The intelligent enterprise is one that is globally effective in its operations, adaptive to change, innovative in its approach to both opportunity and uncertainty, and well connected to the needs of its stakeholders. Finance is poised to take the lead in helping the entire enterprise become more intelligent by stewarding adoption of new business practices that will help the company not just compete, but outcompete. The future of Finance involves shaping a culture of innovation and creating a flexible, adaptive enterprise capable of creatively dealing with challenges and opportunities alike.

In The Future of the Finance Function webinar series, Genpact looks at the ways in which Finance must reshape itself to meet the demands of the present and foreseeable future:

Webcast 1: New Perspectives on the Role of Finance

The future role of Finance within the enterprise is still being defined. Are the perspectives of Finance executives and their customers the same as to what it should be?

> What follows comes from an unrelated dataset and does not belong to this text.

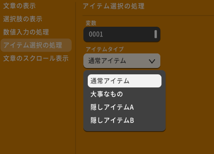 隠しアイテムは所持しているにも関わらず、プレイヤーが所持状況を確認できないアイテムです。隠しアイテムを使うと、六択が上限の「選択肢の表示」以上の選択肢をプレイヤーに選択させることができます。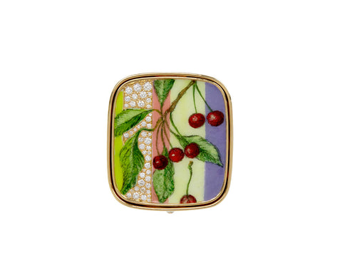 Stemming from collages she made, this Francesca Villa ring was hand-painted by a miniature artist to represent the sweetness and duality of life. The large, rectangular ring face has a surface of enamel cherries on a vibrant picnic cloth. A stripe of shimmering white diamonds accents the composition. On the reverse side of the ring is a large, vintage Japanese cameo, representing our adult nature. Line up the triangles to push up and flip the ring.

The Chartered Global Management Accountant (CGMA), a new designation powered by CIMA and the AICPA, set out to answer these questions in the first major survey of its type.

This first webinar looks at some key results from this survey, presented by Shantanu Ghosh (SVP of Solutions, Practices and Transitions), and Peter Simons, subject matter expert in the applied research unit of CIMA’s education department:

  • How the role of Finance is changing and the services that a transformed Finance function might provide
  • What services Finance actually provides to the business
  • How Finance and their customers rate their performance
  • How far Finance’s responsibilities might extend
  • What constraints there might be on Finance taking on a broader role

Access the entire webcast here

Webcast 2: Made to measure

Senior finance and procurement executives of over 400 organizations worldwide were surveyed regarding performance on four key financial processes: business planning, source to pay, order to cash and financial reporting. This webcast, presented by Shantanu Ghosh, SVP of Solutions, Practices and Transitions at Genpact and Sam Knox, Senior VP & Director of Research, CFO Publishing, examines the findings and provides an excellent peer-based assessment of companies’ performance in these core areas.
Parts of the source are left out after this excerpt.